Former Whirlpool exec dodges trade-secret claims over Haier move

An Italian former Whirlpool Corp executive who left for appliance-industry competitor Haier has defeated, for now, claims in Delaware federal court that he stole company trade secrets.

Benton Harbor, Michigan-based Whirlpool failed to show that the court had jurisdiction over the claims against Davide Cabri and could not block him from working for Haier’s European subsidiary Candy Hoover Group, a federal judge said Thursday.

However, Senior U.S. Circuit Judge Evan Wallach allowed Whirlpool’s claim that Cabri breached a contract with the company to move forward.

Whirlpool said in a statement provided Friday by its attorney that it would continue with the case and “vigorously explore all possible avenues” to protect its proprietary information.

Cabri’s attorney and Haier Europe did not immediately respond to a request for comment.

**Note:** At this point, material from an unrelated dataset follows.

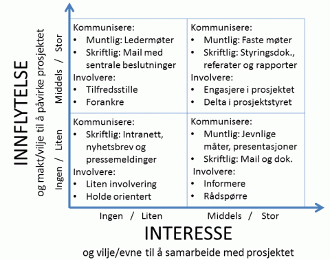 Som hjelp til å bestemme hvilke tiltak som er mest hensiktsmessig for hver interessent kan man bruke en illustrasjon som vist nedenfor. Hvor i dette diagrammet den enkelte interessent hører hjemme vil være bestemt av den graden av interesse og innflytelse som ble angitt i forbindelse med analysen i forrige trinn, «analysere interessenter».

Cabri worked for Whirlpool for more than 32 years and was a high-level executive in Whirlpool’s global laundry division before telling the company he had accepted a new job at Candy Hoover last April.

Whirlpool sued Cabri in July, arguing Haier had hired Cabri for its laundry division because he knew Whirlpool’s trade secrets and said it would be impossible for him to perform his new role without misusing them.

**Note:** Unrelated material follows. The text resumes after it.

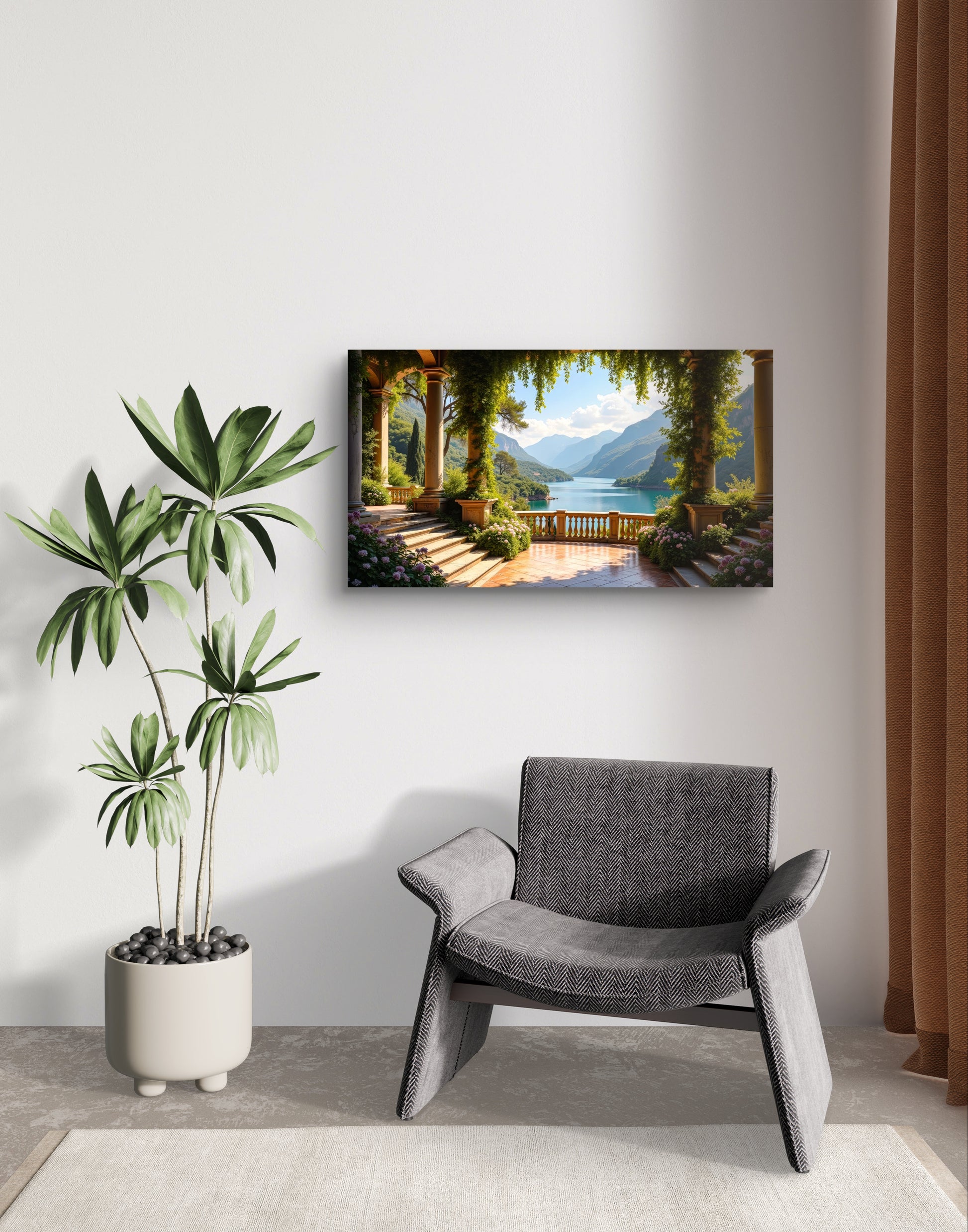 Bring timeless elegance into your space with this Italian terrace artwork. Framed by lush greenery and sunlit columns, the view opens to a serene lake and majestic mountains. The warm terracotta steps and golden tones create a welcoming atmosphere, while the composition adds depth and sophistication to any interior. Perfect for living rooms, bedrooms, or offices, this piece blends Mediterranean charm with calming natural beauty.

Wallach dismissed the trade-secret claims Thursday, rejecting Whirlpool’s argument that the Delaware court could hear them based on a forum-selection clause in a company agreement with Cabri. The agreement, which relates to an incentive plan, is not related to the trade-secret claims, Wallach said.

The court gave Whirlpool a chance to refile the claims, though it said there was an “absence of any other facts” to support a jurisdiction finding.

Whirlpool’s claim that Cabri was required to repay over $400,000 in incentives under the agreement survived Cabri’s motion to dismiss. Wallach rejected Cabri’s argument that the dispute should be heard in Italy.